Sending of data using linux function send fails if size is too large. glibc function is: ssize_t send(int sockfd, const void *buf, size_t len, int flags); Type of len is size_t, argument is stored in a kernel structure msgheader which contains an iovec. This iovec contains a size_t (64bit) length field, but in the linux kernel in function tcp_sendmsg the following lines while (--iovlen >= 0) { int seglen = iov->iov_len; unsigned char __user *from = iov->iov_base; convert the len to int (32 bit). Thus sending of 5 GB of data results in 1 GB sent (no problem), but sending of 4 GB results in 0 bytes sent. Workaround in userspace is easy (e.g. instead of len use len < 0x8000000 ? len : 0x7fffffff) but the kernel should handle this correctly.
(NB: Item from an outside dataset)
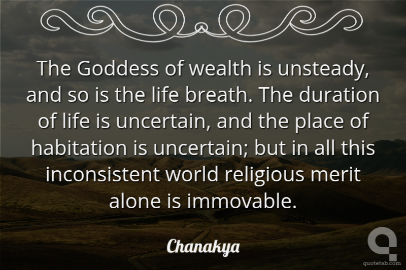 The Goddess of wealth is unsteady, and so is the life breath. The duration of life is uncertain, and the place of habitation is uncertain; but in all this inconsistent world religious merit alone is immovable.

Created attachment 27681 [details] send.cpp - show effect as size_t will be casted to int by kernel, calling send with (2^31 < (int)datalen < 2^32-1 does nothing Please find testcase attached. I tested on ubuntu 64 bit with the following result: Connect to server: 127.0.0.1:9000 size_t max: 18446744073709551615 Try to send 10, sent 12 bytes. Try to send 4195632, sent 7766 bytes. Try to send 2147483647, sent 10000 bytes. Try to send 2147483648, sent 0 bytes. Try to send 5494538240, sent 10000 bytes. Connection closed To reproduce: sudo apt-get install g++ nc -l -k 9000 g++ -o send ./send.cpp ./send
(switched to email. Please respond via emailed reply-to-all, not via the bugzilla web interface). On Mon, 16 Aug 2010 10:01:09 GMT bugzilla-daemon@bugzilla.kernel.org wrote: > https://bugzilla.kernel.org/show_bug.cgi?id=16603 > > Summary: send of data > 4 GB fails on 64 bit systems > Product: Networking > Version: 2.5 > Platform: All > OS/Version: Linux > Tree: Mainline > Status: NEW > Severity: normal > Priority: P1 > Component: IPV4 > AssignedTo: shemminger@linux-foundation.org > ReportedBy: bono@onlinehome.de > Regression: No > > > Sending of data using linux function send fails if size is too large. glibc > function is: > > ssize_t send(int sockfd, const void *buf, size_t len, int flags); > > Type of len is size_t, argument is stored in a kernel structure msgheader > which > contains an iovec. This iovec contains a size_t (64bit) length field, but in > the linux kernel in function tcp_sendmsg the following lines > > while (--iovlen >= 0) { > int seglen = iov->iov_len; > unsigned char __user *from = iov->iov_base; > > > convert the len to int (32 bit). > > Thus sending of 5 GB of data results in 1 GB sent (no problem), but sending > of > 4 GB results in 0 bytes sent. > > Workaround in userspace is easy (e.g. instead of len use len < 0x8000000 ? > len > : 0x7fffffff) but the kernel should handle this correctly. > whoops. Yes, I think seglen should be size_t. Do you know if making that change fixes the bug?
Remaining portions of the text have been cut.